- **Task to carry out**
Starting at the line with "Insert the survey" and ending at the line with "Comprar Ropa navideña", print exactly the lines of the entries below. Pictures do not belong in the copy.

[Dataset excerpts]

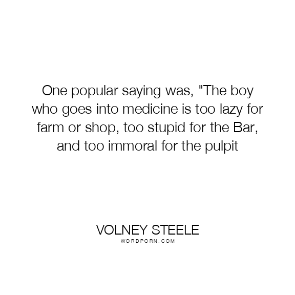 Copy Image One popular saying was, "The boy who goes into medicine is too lazy for farm or shop, too stupid for the Bar, and too immoral for the pulpit Moms Typewriter A A SAVE THIS IMAGE
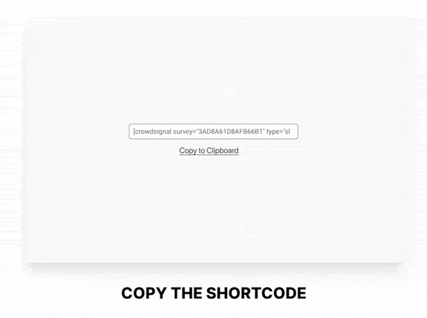 Insert the survey directly into your website using an auto-resizing iframe. Simply copy the code snippet into your clipboard, go to the HTML code of your website and paste the snippet wherever you would like to embed your survey.
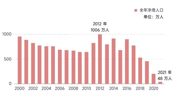 2021年,全中國人口淨增長48萬,總和生育率更是已經降低到1.1左右。
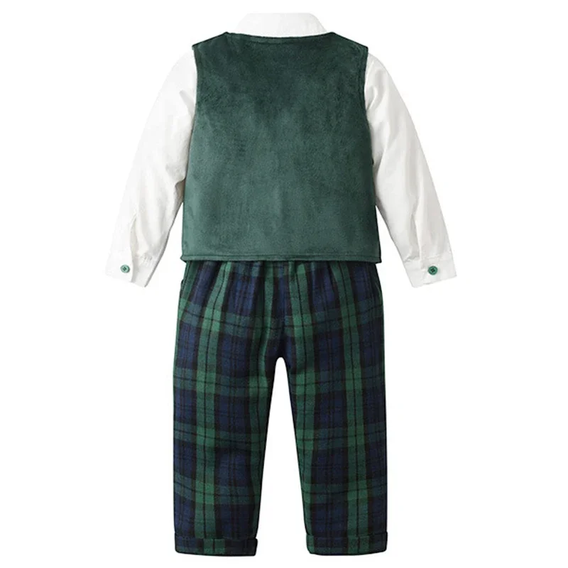 Comprar Ropa navideña para bebé, traje Formal para niño, camisa de manga larga, chaleco, pantalones, conjuntos de 3 uds., ropa para fiesta de cumpleaños de caballero
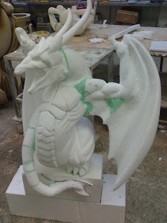 Algunos trabajillos en porex, unas esculturas para el showroom de una empresa en la que trabajé. En las siguientes entradas os mostrare el proceso de el dragón y el caballero un poco más a fondo. Todo tallado en porex y con recubrimiento de resina.
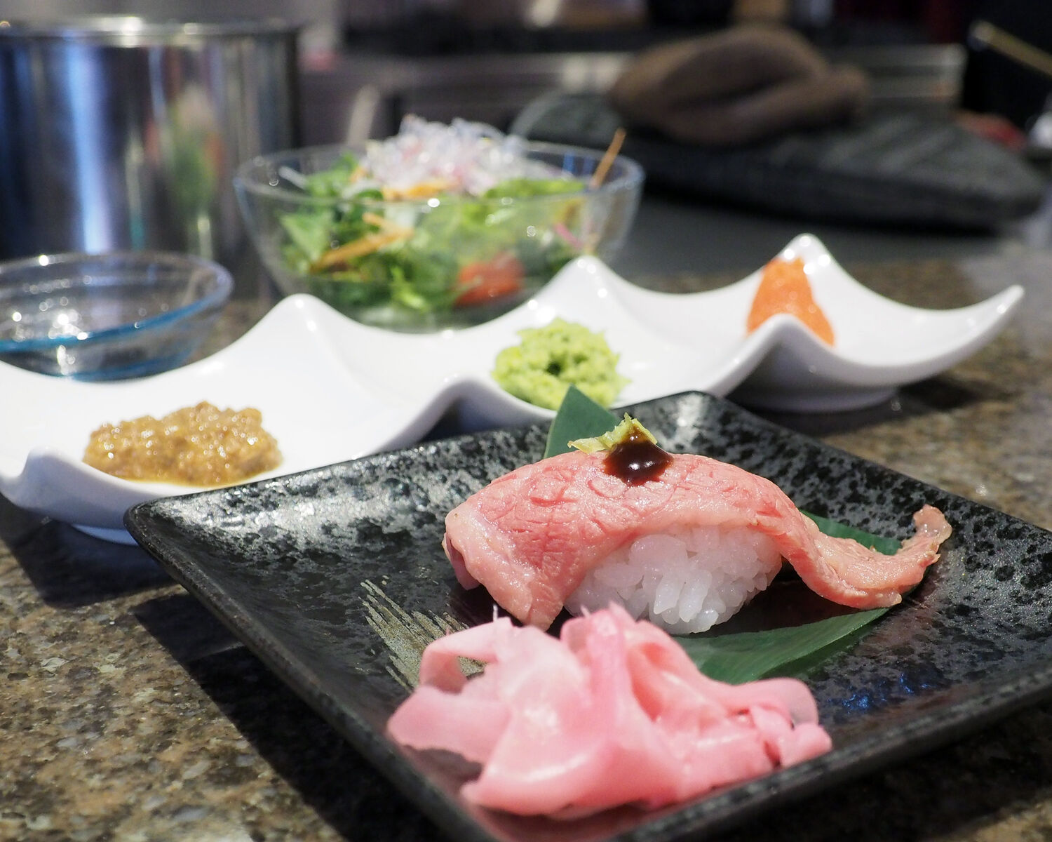 肉寿司はお肉の柔らかさだけでなく、ほど良くかんだ脂身のさっぱりとした味わいと赤身のコクを感じることができるものでありました
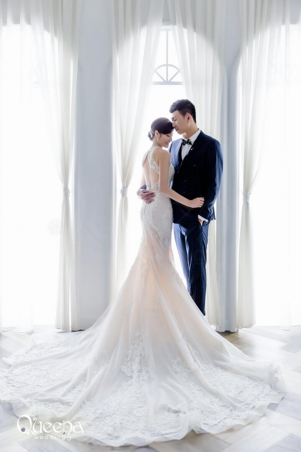 2019.8.3是我們和Queena結緣的開始,當天帶著期待又怕受傷害的心情抵達台中,一進門就碰到Samatha熱情的接待,她細心的介紹各種包套內容和單租禮服方案,然後帶著我們參觀棚內及拍照、宴客禮服,跟她交談過程完全沒有壓力,反而讓我們很放鬆、自在。就在下樓後我立刻跟老公說不用考慮,就決定Queena了!我是服務業,自認為高標準及龜毛的我,Queena在第一關已經滿足我,不管是服務還是硬體,沒什麼好挑剔了!
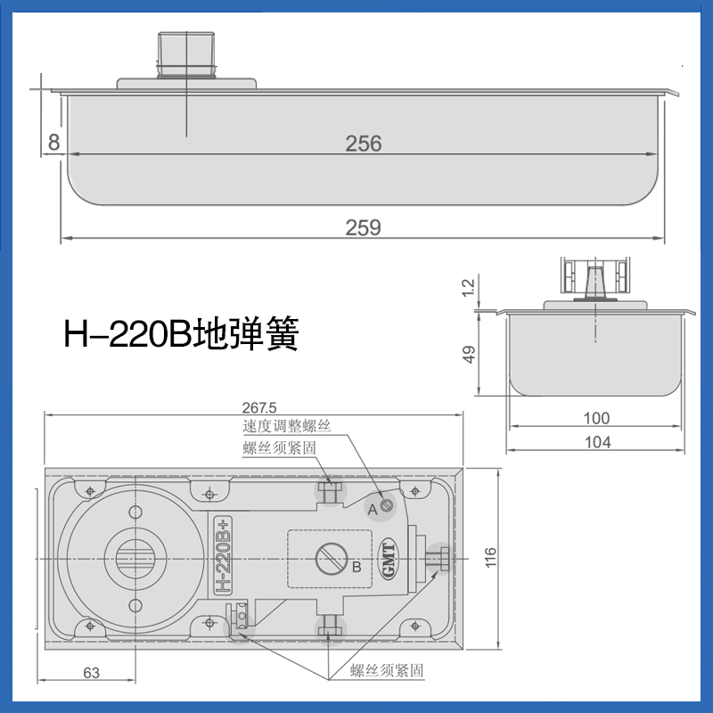 GMT地弹簧地簧弹H220B承重100KG门宽900mm以内玻璃门配件地弹璜

- **Solution**
 Insert the survey directly into your website using an auto-resizing iframe. Simply copy the code snippet into your clipboard, go to the HTML code of your website and paste the snippet wherever you would like to embed your survey.
 2021年,全中國人口淨增長48萬,總和生育率更是已經降低到1.1左右。
 Comprar Ropa navideña para bebé, traje Formal para niño, camisa de manga larga, chaleco, pantalones, conjuntos de 3 uds., ropa para fiesta de cumpleaños de caballero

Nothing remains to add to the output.